Poesia e fulgore, rubrica a cura di Franca Alaimo
Ogni poeta avanza portando sulla bocca l’eco di altri poeti del passato e del presente, letti, riletti, custoditi nello scrigno della memoria, e qualcuno di loro gli sta accanto, perché è il più amato, colui che attende che le sue parole siano proiettate nel futuro attraverso nuovi germogli.
Colei che immaginiamo a fianco di Isabella è Cristina Campo con la sua altissima cifra stilistica di bellezza e la vampa della spiritualità, ma a lei si aggiungono altre angiole, anche loro benedette dalla Parola, che Isabella convoca e celebra (citandone alcuni versi) prima di ogni sezione in cui il libro è diviso.
Ne abbiamo risentito le voci nei testi che compongono I bimbi nuotano forte, ma come fossero mormorii che suggeriscono, o scintille in attesa di divenire un fuoco nuovo. E il fuoco di Isabella arde con quella luce di grazia che talvolta abbaglia. Sostenerla, spesso, non è facile: bisogna tenere conto anche del buio da cui prorompe, a cominciare dal male, dal dolore, dalla morte.
E la lezione è proprio quella che ci insegna il fuoco: che bisogna avere l’ardire di bruciare per farsi puri. Che, quando viene la notte, se lo spirito resta acceso, non si sprofonda nel nulla, che l’attesa fiduciosa reca sempre il bianco dell’alba, e che la morte stessa altro non è se non uno «squisito dissolvimento», come quello dei fiori: «lucenti / steli di gambette chiare, un plotone / di linfe giovanissime».

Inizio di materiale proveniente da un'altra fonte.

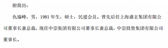 这里需要注意的是投出同意票的董事仇瑜峰。据公开信息显示,在5月份的2017年年度股东大会上,曾审议通过了增补董事的议案,即经上市公司二股东中崇投资集团有限公司(下称中崇投资)及一致行动人上海领资股权投资基金合伙企业(有限合伙)(后更名为上海盛誉莲花股权投资基金合伙企业(有限合伙),下称盛誉莲花)推荐,拟增补仇瑜峰为公司第七届董事会董事候选人。也就是说,仇瑜峰刚刚赴任,来自资本。
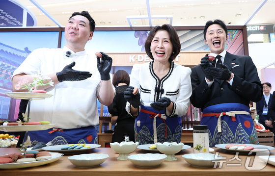 김 여사는 정일우와 약과를 시식하고 드라마 '폭군의 셰프'에 나왔던 고추장 버터 비빔밥, 마카롱을 만드는 시연 행사에 참여다.
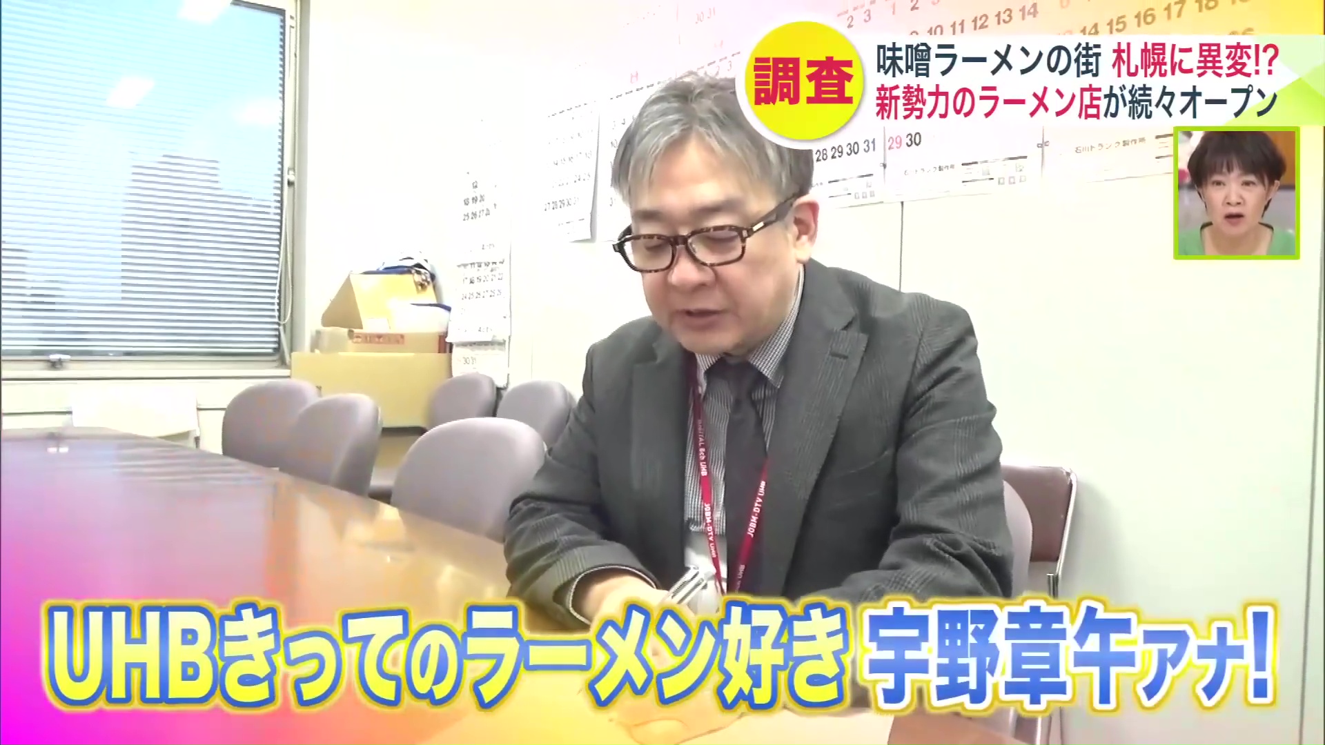 調査したのはUHBきってのラーメン好き宇野章午アナウンサー。今年に入ってから既に20件以上のラーメンを食べているという宇野アナが、「家系」「二郎系」「淡麗系」味噌ラーメンじゃないラーメンの魅力をお伝えします。
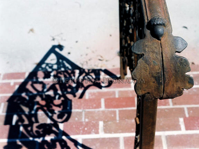 Railing 124.2 A detail of 124 showing rust patina and acorn detail.

I nostri compagni saranno «gli angeli inauditi» e i santi che «vanno sorridendo nel celeste / dimenticandosi dello stare / e pensandosi appena abbozzati / a ipotesi d’angelo», loro che «ai grandi riparano il cuore/ dai colpi più duri» e «han cura dei bambini», più volte nominati nei versi di Isabella (a cominciare dal titolo), poiché vedono il lontano e l’invisibile, vestono il mondo di creature fiabesche, e la notte «insufflano i fiati soffici / come cigni piumati nei petti addormentati / sonoro il sonno di strumenti posati / a floreali fermezze di ossigenate fedeltà / in cui gioia incandescente s’attenua e riposa» (e vorrei sottolineare quanta sovrabbondanza di grazia sonora ci sia in quel succedersi di cinque effe, che imitano un respiro leggero in cui appena si dondola la levità di una piuma).
Ed è appunto alla «gioia incandescente» dei bambini che Isabella Bignozzi guarda come alla qualità spirituale per eccellenza, quella che Cristo amò più di ogni altra, la chiave segreta dell’interpretazione dell’esistere del Tutto, i bambini che, come scrive la Campo, «Hanno organi misteriosi di presagio e presentimento».
Si tratta di trasformare i dolori in «ali», in «velieri» che conducano ad altre dimensioni, che persuadano ad approdi celesti. Così che il versificare dell’autrice sembra un vibrare di ali affamate di alto e di luce.
Il punto di vista da cui viene osservato il reale è così attento e commosso da generare un fitto susseguirsi di metafore (così poco usate dai poeti contemporanei, insieme al come e all’ablativo assoluto, cosa che ebbe a sottolineare Cristina Campo: quale indice della «carenza di spirito analogico (…) della facoltà compiutamente poetica – profetica – di volgere la realtà in figura, vale a dire in destino») e un uso ardito (a volte enigmatico) dell’aggettivazione, che nasconde chissà quali percorsi della memoria, quali rielaborazioni delle proprie letture, e slanci dell’immaginazione e, soprattutto, dello spirito che medita sulla lingua per inventarla di nuovo.
Leggere Isabella Bignozzi significa, dunque, fare un’esperienza spirituale, dimenticando flagellazioni e lamentazioni e disperazioni esistenziali e il così diffuso nichilismo dei poeti contemporanei. Tutto in questi versi è pieno di Dio a cominciare dall’amore terreno, che è fecondità in cui si raccoglie quel miele che ci è stato promesso da sempre, come nel biblico Cantico dei cantici.
È infatti con l’interiore postura di questa incessante benedizione dell’Amata per l’Amato e viceversa che il lettore deve porsi in ascolto per penetrare la poesia dell’autrice, come un’ape che affondi fin nelle profondità nascoste nel calice.